Did I misunderstand something?


----------



## stardancer (Apr 26, 2009)

There is a big difference between overcontributing by $2,300 and by $18,000. The other poster would only be penalized at 1%/month on $300, but you would be penalized 1%/month on $18,000 until the excess was withdrawn or used up. Chances are the former would be used up the next year, but your excess would not be. Further, CRA 'might' overlook $300, but certainly not $18,000. Best not to raise red flags.


----------



## MoneyGal (Apr 24, 2009)

I wrote that original reply #7. Read Schedule 7 carefully -- you can carry forward unused RRSP contributions, BUT you can only contribute an amount which is lesser than or equal to your available contribution room. 

If you have $5000 of available contribution room, you can contribute $5000. But you don't have to claim / deduct the contribution this year - you can carry forward the contribution and take the deduction against a future year. However, if you have $5000 of contribution room, you cannot, in fact, contribute $25000 (or any amount more than $5000) to your RRSP. 

I hope that is clear!


----------



## cardhu (May 26, 2009)

robert99a said:


> Did I misunderstand something?


Yeah, but don’t feel too bad, so did most of the responders in that thread … the OP was never overcontributed in the first place … the discussion took off on a tangent about taking appropriate steps to reverse an over-contribution, but since there was no overcontribution in the first place, there was nothing to reverse. 

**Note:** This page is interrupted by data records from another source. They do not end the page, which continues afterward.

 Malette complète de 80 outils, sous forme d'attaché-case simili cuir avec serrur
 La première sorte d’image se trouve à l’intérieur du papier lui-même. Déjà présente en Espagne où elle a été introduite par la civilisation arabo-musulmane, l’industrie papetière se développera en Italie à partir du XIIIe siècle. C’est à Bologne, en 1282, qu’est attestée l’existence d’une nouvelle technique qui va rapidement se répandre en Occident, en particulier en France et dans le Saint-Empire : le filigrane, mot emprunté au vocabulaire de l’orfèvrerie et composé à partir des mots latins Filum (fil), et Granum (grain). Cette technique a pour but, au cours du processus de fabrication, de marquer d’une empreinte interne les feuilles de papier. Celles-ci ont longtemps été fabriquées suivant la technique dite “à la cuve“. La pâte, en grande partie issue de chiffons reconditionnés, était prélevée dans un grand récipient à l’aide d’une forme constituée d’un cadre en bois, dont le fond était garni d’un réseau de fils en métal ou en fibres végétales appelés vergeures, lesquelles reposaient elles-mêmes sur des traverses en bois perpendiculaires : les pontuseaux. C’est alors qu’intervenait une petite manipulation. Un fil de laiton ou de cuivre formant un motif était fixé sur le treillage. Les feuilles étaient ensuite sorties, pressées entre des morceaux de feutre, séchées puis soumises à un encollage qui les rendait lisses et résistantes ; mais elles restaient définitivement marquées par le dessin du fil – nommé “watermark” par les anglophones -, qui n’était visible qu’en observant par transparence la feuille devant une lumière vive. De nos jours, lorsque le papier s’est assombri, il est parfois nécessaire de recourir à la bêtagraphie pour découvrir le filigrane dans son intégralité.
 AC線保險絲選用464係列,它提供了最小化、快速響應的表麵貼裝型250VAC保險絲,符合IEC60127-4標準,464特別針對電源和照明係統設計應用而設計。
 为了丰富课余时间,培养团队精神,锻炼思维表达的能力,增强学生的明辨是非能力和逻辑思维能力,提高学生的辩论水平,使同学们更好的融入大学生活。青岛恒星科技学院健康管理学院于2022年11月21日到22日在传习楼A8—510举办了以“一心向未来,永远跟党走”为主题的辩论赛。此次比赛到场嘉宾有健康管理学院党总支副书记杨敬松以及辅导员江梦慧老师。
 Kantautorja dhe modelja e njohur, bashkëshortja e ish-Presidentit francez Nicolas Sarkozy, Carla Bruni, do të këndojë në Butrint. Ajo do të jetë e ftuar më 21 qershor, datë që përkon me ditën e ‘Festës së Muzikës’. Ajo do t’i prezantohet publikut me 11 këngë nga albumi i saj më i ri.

The contribution that the OP thought might have put him over his 2010 limit was made on January 10, 2011 … 2010 was closed by that time, and a contribution made in one year cannot result in a retroactive overcontribution for the prior year … new contribution room for 2011, arising from his 2010 earned income, would have become effective at approximately 1 second after midnight, New Years Eve, so he wouldn't have been overcontributed for 2011 either (yes, I am assuming from the context of his other posts that he would have had some earned income).

Schedule 7 is a bit of a red herring in the context of that thread … if OP had been overcontributed, there's nothing you can put in Sched 7 that would prevent a penalty, and since he wasn’t overcontributed, there's nothing you can put in Sched 7 that would cause a penalty ... in other words, Sched 7 would have no influence on the outcome, either way.


----------



## robert99a (May 23, 2009)

So starting January 1, you can assume that new contribution room from income earned the previous year has been added to your account.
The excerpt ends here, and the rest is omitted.